Set over five storeys, the homes are elegant in design and have been built to a high specification. Some elevated apartments boast magnificent views out towards Truro Cathedral, the viaduct and the fields beyond. Some are conversions from the hospital’s old x-ray room, matron’s quarters and operating theatre.

Original features were restored wherever possible. A specialist company steam cleaned the exterior and stonemasons carefully restored the Lancashire stone. 185 stunning sash windows were all refurbished or replaced with an identical replica with a joiner taking 12 months to complete the task. The large front door was built to match the original and the grand main staircase was restored complete with sturdy cast iron balustrades and smart Terrazzo finish floor.

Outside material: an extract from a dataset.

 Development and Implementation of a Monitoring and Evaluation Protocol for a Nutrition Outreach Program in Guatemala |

Royal Barham House lies within the Conservation Area of Truro and overlooks the city centre at a height of 25 metres. The house itself looks out over an area of open space which features horse chestnut, yew and oak trees, laurel hedges and attractive planting. Sixty natural granite steps will connect Truro’s Piazza and Royal Barham House, offering residents and visitors views across the city as part of a new public garden.

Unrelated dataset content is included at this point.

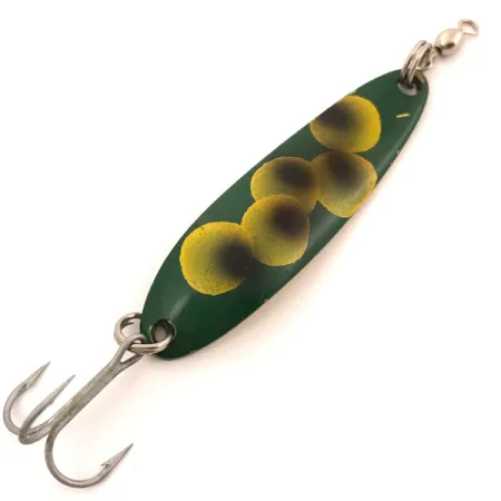 Rifinito con un distinto motivo Frog, questo ondulante da 1/3 oz (10 g) presenta audaci macchie gialle con centri scuri su uno sfondo verde foresta profondo. Lungo 2 1/4" (5,5 cm), questo esemplare porta il classico profilo Luhr-Jensen, costruito più stretto e spesso rispetto agli ondulanti standard per favorire il raggiungimento di maggiori distanze durante il lancio. Il retro del metallo color ottone è chiaramente stampato con "KROCODILE", "DIE #3" e "HOOD RIVER, ORE", a testimonianza della sua eredità manifatturiera americana. Questo articolo specifico, catalogato con il codice prodotto 3866, mostra leggeri e onesti segni di usura sul retro metallico, mentre la faccia verniciata rimane straordinariamente pulita e vibrante, meritando una valutazione di condizione 4/5. La dotazione include un robusto amo triplo fissato tramite un anellino spaccato e una girella superiore per aiutare a gestire la torsione del filo. Progettato per specie che vanno dal salmone dei Grandi Laghi alla trota di lago, il Krocodile è ampiamente riconosciuto per il suo movimento oscillante costante che imita efficacemente il pesce esca durante un recupero regolare.

China Tower Restoration, East Budleigh, Devon

Nominated by: Clinton Devon Estates

Project Cost: £350,000

Having stood empty for many years, and been subject to regular vandalism, the castellated Grade II listed China Tower, near Bicton Arena, East Budleigh was leased from Clinton Devon Estates by the historic buildings’ charity, the Landmark Trust for holiday lettings. It is part of the Trust’s unique collection of historic buildings across the UK, including 38 in Devon. Income generated by holiday lettings pays for the ongoing maintenance of the historic buildings.

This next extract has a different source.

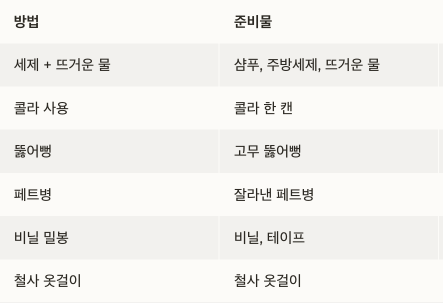 | 세제 + 뜨거운 물 | 샴푸, 주방세제, 뜨거운 물 | 약한 막힘에 효과적 |

The project has achieved a stunning restoration of an 1839 Gothic folly keeping true to its original vision but providing modern home comforts for holiday makers to enjoy.

The conversion of the four storey building, complete with a 210 step stair turret, included a fitted kitchen and modern bathroom on the ground floor, comfortable double bedrooms on the first and second floors and a drawing room with spectacular views of East Devon on the top floor. For the first time in its history, the folly has electricity, water from a bore hole and air-source heating. These new facilities and modern comforts have been carefully integrated to preserve the architectural integrity of the tower whilst securing a sustainable future for this heritage asset.

The Tower was designed as an eye-catching folly to be glimpsed within the wider landscape from specific areas of the registered park and garden at Bicton. These key historic views that had been lost over time have been re-introduced by careful landscaping.

The charming and romantic structure was described by the judges as ‘top notch’ and a ‘real labour of love’.  Its success can be evidenced from the glowing comments made by guests since the China Tower reopened.